• _WHAT THE TASK REQUIRES_: In your copy of the data below, reproduce every entry exactly and omit the pictures.

Saved entries:
──────────────────────────────
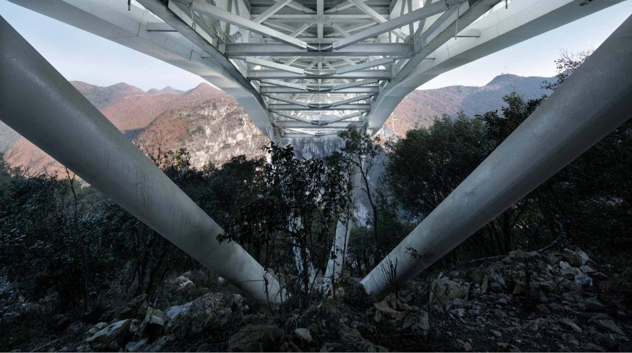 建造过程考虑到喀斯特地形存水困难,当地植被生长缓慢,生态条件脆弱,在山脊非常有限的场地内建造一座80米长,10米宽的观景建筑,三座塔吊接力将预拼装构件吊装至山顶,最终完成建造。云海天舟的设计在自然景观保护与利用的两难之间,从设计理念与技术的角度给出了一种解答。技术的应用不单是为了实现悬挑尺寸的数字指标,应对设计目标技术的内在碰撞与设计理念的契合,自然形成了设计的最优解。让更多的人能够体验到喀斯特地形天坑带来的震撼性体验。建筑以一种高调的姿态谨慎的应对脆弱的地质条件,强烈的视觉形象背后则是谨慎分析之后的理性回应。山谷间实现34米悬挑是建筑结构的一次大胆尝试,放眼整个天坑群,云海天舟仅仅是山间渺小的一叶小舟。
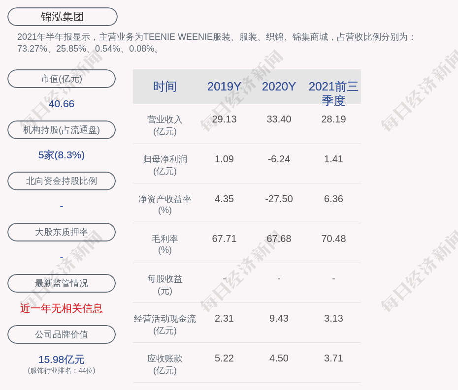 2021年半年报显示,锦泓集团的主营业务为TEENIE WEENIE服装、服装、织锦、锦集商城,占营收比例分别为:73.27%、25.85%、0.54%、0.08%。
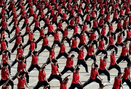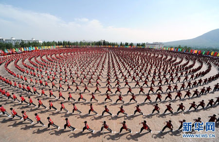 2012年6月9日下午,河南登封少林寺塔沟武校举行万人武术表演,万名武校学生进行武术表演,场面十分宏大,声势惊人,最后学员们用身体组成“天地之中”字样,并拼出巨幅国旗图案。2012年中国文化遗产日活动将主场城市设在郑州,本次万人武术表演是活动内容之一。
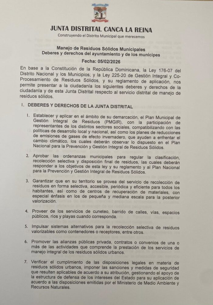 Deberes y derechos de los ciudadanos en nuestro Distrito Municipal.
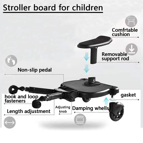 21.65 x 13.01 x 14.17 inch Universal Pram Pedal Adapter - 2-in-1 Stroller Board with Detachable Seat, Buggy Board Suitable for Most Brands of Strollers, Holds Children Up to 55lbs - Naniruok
──────────────────────────────
• _THE ANSWER_:
 建造过程考虑到喀斯特地形存水困难,当地植被生长缓慢,生态条件脆弱,在山脊非常有限的场地内建造一座80米长,10米宽的观景建筑,三座塔吊接力将预拼装构件吊装至山顶,最终完成建造。云海天舟的设计在自然景观保护与利用的两难之间,从设计理念与技术的角度给出了一种解答。技术的应用不单是为了实现悬挑尺寸的数字指标,应对设计目标技术的内在碰撞与设计理念的契合,自然形成了设计的最优解。让更多的人能够体验到喀斯特地形天坑带来的震撼性体验。建筑以一种高调的姿态谨慎的应对脆弱的地质条件,强烈的视觉形象背后则是谨慎分析之后的理性回应。山谷间实现34米悬挑是建筑结构的一次大胆尝试,放眼整个天坑群,云海天舟仅仅是山间渺小的一叶小舟。
 2021年半年报显示,锦泓集团的主营业务为TEENIE WEENIE服装、服装、织锦、锦集商城,占营收比例分别为:73.27%、25.85%、0.54%、0.08%。
 2012年6月9日下午,河南登封少林寺塔沟武校举行万人武术表演,万名武校学生进行武术表演,场面十分宏大,声势惊人,最后学员们用身体组成“天地之中”字样,并拼出巨幅国旗图案。2012年中国文化遗产日活动将主场城市设在郑州,本次万人武术表演是活动内容之一。
 Deberes y derechos de los ciudadanos en nuestro Distrito Municipal.
 21.65 x 13.01 x 14.17 inch Universal Pram Pedal Adapter - 2-in-1 Stroller Board with Detachable Seat, Buggy Board Suitable for Most Brands of Strollers, Holds Children Up to 55lbs - Naniruok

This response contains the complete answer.